Important note: In this section "we" refers to the TAGME authors; to avoid ambiguity, we will refer to our implementation as the "ECIR'16 implementation."

Implementation:

  • The TAGME paper [1] represents “version 1” of TAGME, while the source code and the TAGME API are “version 2”. In the second version, the epsilon value been changed and the value of tau has been decreased.

  • TAGME uses wiki page-to-page link records (enwiki-xxx-pagelinks.sql.gz), while the ECIR'16 implementation extracts links from the body of the pages (enwiki-xxx-pages-articles.xml.bz2). This affects the computation of relatedness, as the former source contains 20% more links than the latter. For example, the Wikipedia article Jaguar contains several links under "Extant Carnivora species" section, which may not be found in the .xml.bz2 file.

  • TAGME version 2 uses a list of stop words to create alternative spots and we add them to the list of available spots during pre-processing phase. In other words, when a spot like "president of the united states" is found, 2 spots are created: (i) "president of the united states", and "president united states". Then these two spots are added to the anchor dictionary. However, TAGME does not perform any stop word removal during the parsing phase.

  • In TAGME version 2 the parsing method for anchors starting with 'the','a','an' has changed. We ignore those prefixes and use only the remaining part. So version 2 can never find 'the firebrand' but only 'firebrand'.

  • TAGME performs two extra filtering before the pruning step.

  • Filtering of mentions that are contained in a longer mention.
  • Filtering base on link probability threshold. In Version 1 this threshold was set to 0.02, but in version 2, it is set to 0.1. The code related to this filtering is line 87 of TagmeParser.java in TAGME source code:
this.minLinkProb = TagmeConfig.get().getSetting(MODULE).getFloatParam(PARAM_MIN_LP, DEFAULT_MIN_LP);

Evaluation:

  • For the experiments in [1], we used only 1.4M out of 2M snippets from WIKI-DISAMB30, as Weka could not load more than that into memory. From WIKI-ANNOT30 we used all snippets, the difference is merely a matter of approximation.

  • The evaluation metrics used for end-to-end performance (topics and annot metrics) are micro-averaged.

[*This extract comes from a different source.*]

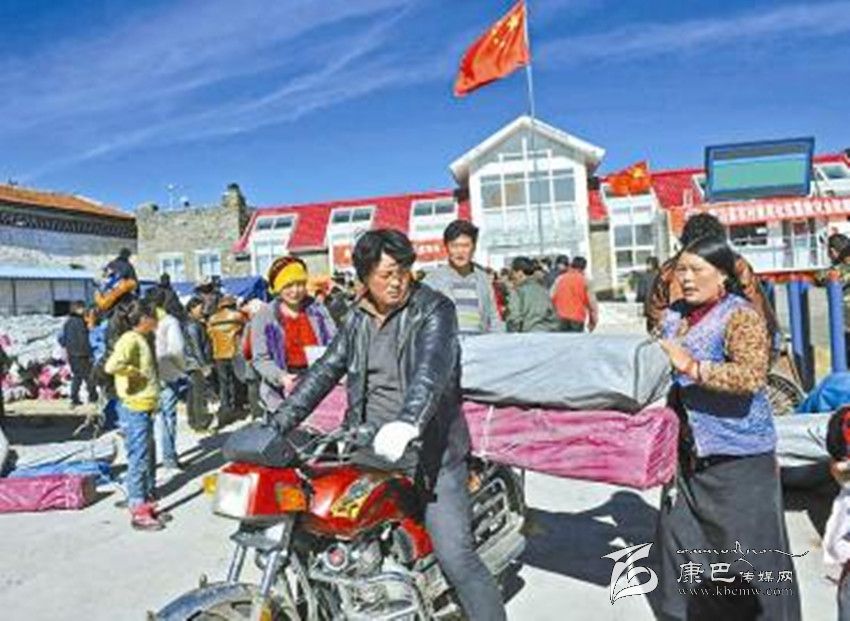 11月26日,康定縣塔公鄉(xiāng)江巴村受災(zāi)村民將在村委會(huì)領(lǐng)到的救災(zāi)物資拉回家。 吳傳明 攝

  • The evaluation metrics for the disambiguation phase are micro-averaged (prec = TP / TP+FP, recall = TP / total number of test cases) and are computed as follows:

    1. annotate the fragment
    2. search for the mention in the result
    3. if you don't find it, ignore it
    4. if you find it:
      • if it is correct, increment the number of the true positive
      • if it's not correct, increment the number of the false positive

Our additional comments on the TAGME authors' comments :)

  • For the sake of reproducibility, we had to use the closest Wikipedia dump to the original experiments, that is dump from April 2010. The page-to-page link records for this dump are not available any more and therefore we had to extract them from the body of Wikipedia pages (enwiki-20100408-pages-articles.xml.bz2).

  • The TAGME datasets (Wiki-annot and Wiki-disamb) contain IDs of the pages, which have changed over time in Wikipedia. We addressed this issue as follows:

    • We converted the page ids of datasets to the corresponding page titles the dump of 2010.
    • For all the experiments, we converted the page titles to URIs based on the Wikipedia instructions.

    Using this method, the URIs used in our experiments are consistent with the TAGME datasets. Since the generalizability datasets are originally created based on DBpedia URIs, they result in minor difference (due to encodings). However, the differences are negligible and do not affect the overall conclusion.

[1] P. Ferragina and U. Scaiella. TAGME: On-the-fly annotation of short text fragments (by Wikipedia entities). In Proceedings of CIKM '10, pages 1625–1628, 2010.